All the plants were harvested after two months of growth. Various growth indicators of the plants were measured, including plant height, root length, leaf nitrogen content, relative chlorophyll content, root area, root volume, aboveground dry mass, and belowground dry mass, and the total dry mass was calculated. The plant height and root length were measured with a ruler, the stem base of the plant was measured with a vernier caliper, and the relative chlorophyll content and leaf nitrogen content were measured with a SPAD-502 chlorophyll content analyzer. Root area and root volume were measured with the WinRHIZO root scanner system. The harvested plant material was dried in a constant temperature drying oven at 80 °C for 72 h, and the dry mass was determined.

2.3. Data Analysis

SPSS software was used for the statistical analysis of the data, and Tukey’s honest significant test (HSD) was used to compare the differences in the growth of A. philoxeroides and O. sativa among PGR treatments.

3. Results

3.1. Responses of Alternanthera philoxeroides and O. sativa to PGR

The results showed that PGRs have significant effects on most growth indicators of A. philoxeroides and O. sativa (Table 1).

Compared with O. sativa, A. philoxeroides is more sensitive to these two PGRs. GA significantly promoted the biomass of A. philoxeroides by 52.00% but had no effects on the biomass of O. sativa (Figure 2). The application of PAC decreased the total biomass of A. philoxeroides by 90.13%, and also significantly decreased that of O. sativa by 51.38% (Figure 2).

3.2. Responses of Alternanthera philoxeroides and Oryza sativa to PGRs in Aboveground Growth

The results showed that the application of GA significantly promoted the plant height of A. philoxeroides and O. sativa, while the application of PAC significantly inhibited the plant height of A. philoxeroides and O. sativa (Figure 3a). The same concentration of PAC extremely inhibited the plant height of A. philoxeroides by 96.16%, and inhibited that of O. sativa by 48.60%.

GA significantly increased the aboveground biomass of A. philoxeroides (Figure 3b). However, compared with the control treatment, the aboveground biomass of O. sativa was not significantly affected by GA application (Figure 3b). Meanwhile, PAC significantly inhibited the aboveground biomass of A. philoxeroides and O. sativa. However, PAC extremely inhibited the aboveground biomass of A. philoxeroides by 91.13%, and inhibited the aboveground biomass of O. sativa by 51.38%.

3.3. Responses of Alternanthera philoxeroides and Oryza sativa to PGRs in Belowground Growth

GA slightly, but not significantly, increased the root length of A. philoxeroides, and it slightly inhibited the root length of O. sativa. PAC had a significant inhibitory effect on the root length of both plant species (Figure 4a).

The application of GA significantly promoted the belowground biomass of A. philoxeroides, and the PAC treatment significantly inhibited the belowground biomass of A. philoxeroides. However, both PGRs had no significant effects on the belowground biomass of O. sativa (Figure 4b).

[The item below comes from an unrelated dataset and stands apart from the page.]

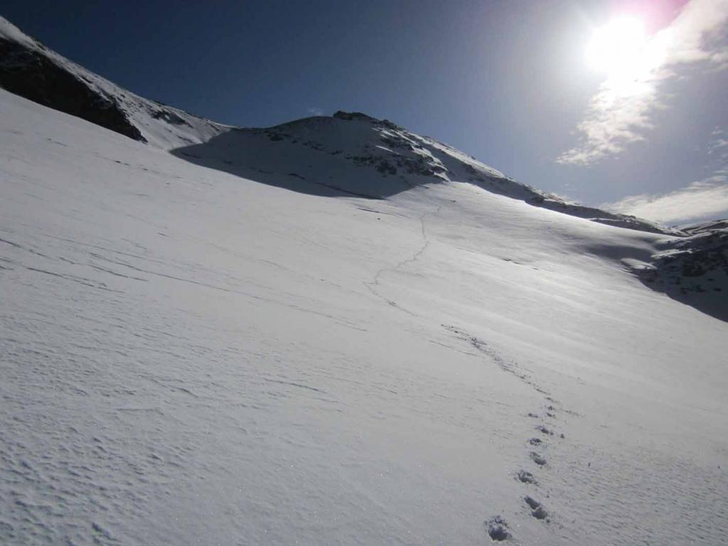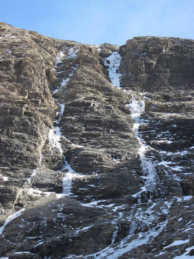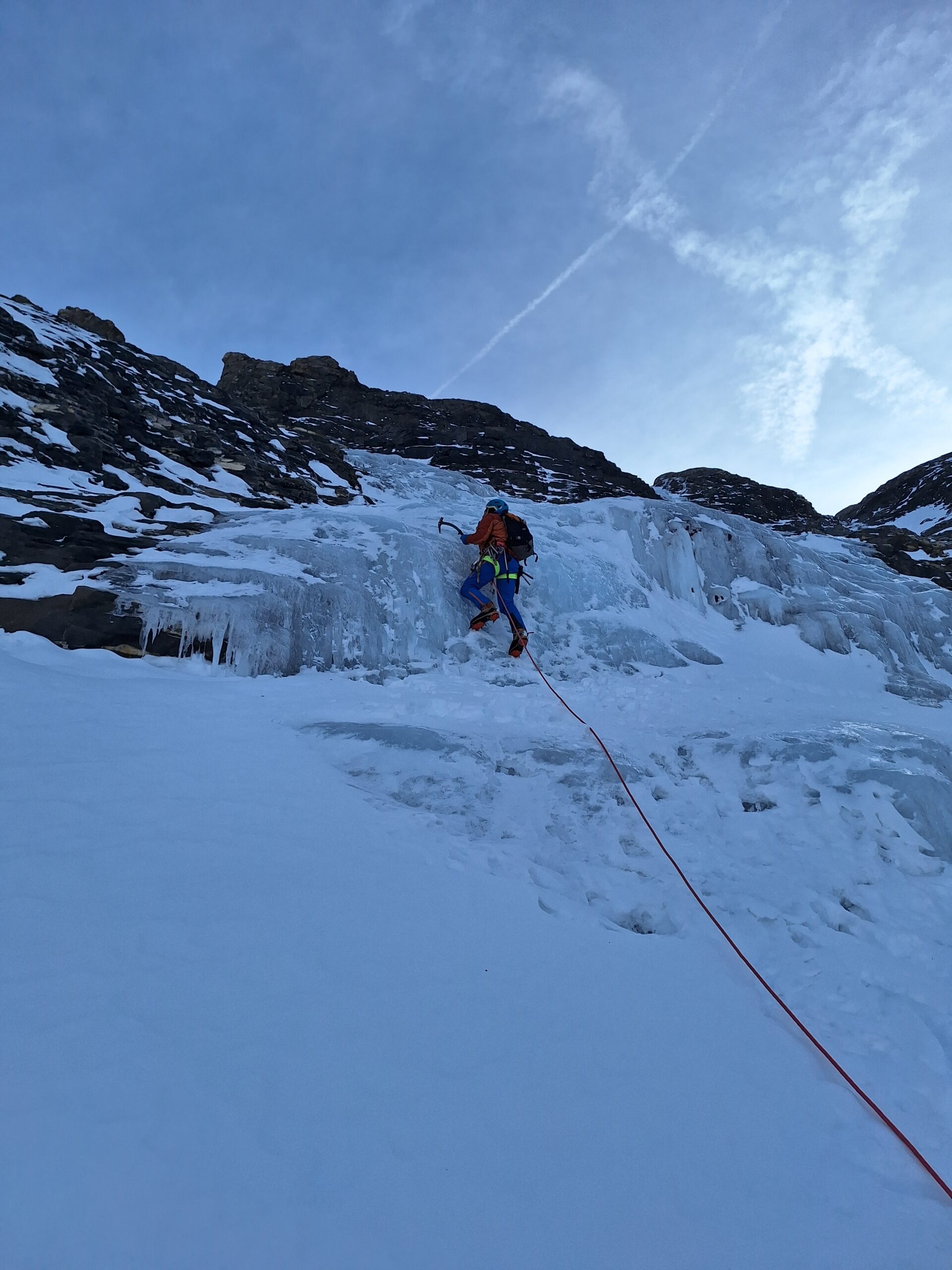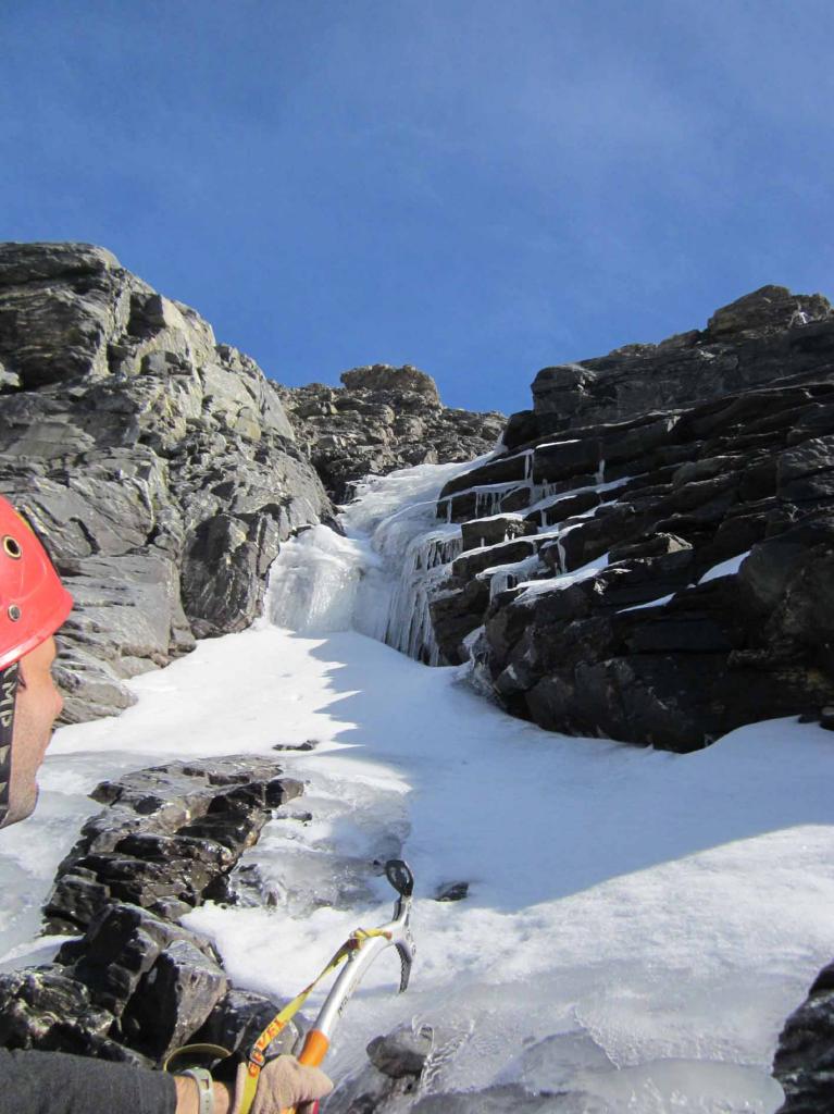 Superare interamente la goulotte, facile nella prima metà con invece diverse parti più ripide nella seconda, che offre muretti a 75° alternati a belle strettoie, il tutto per circa 200 metri di dislivello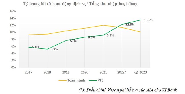 Dù vậy, dấu ấn trong thu nhập dịch vụ của VPBank trong quý 1 phải kể tới thu phí từ bảo hiểm, ghi nhận mức tăng trưởng 95% so với cùng kỳ, kể cả trong bối cảnh hoạt động bán bảo hiểm qua ngân hàng đang chịu nhiều áp lực.

For the morphology traits of roots, GA significantly increased the root area of A. philoxeroides, while GA had no significant effect on O. sativa (Figure 5a,b). PAC significantly reduced the root area of both two plant species (Figure 5a,b). Compared with the control treatment, GA significantly increased the root volume of A. philoxeroides and PAC significantly inhibited the root volume of A. philoxeroides. However, both PGRs had no significant effect on the root volume of O. sativa (Figure 5a,c).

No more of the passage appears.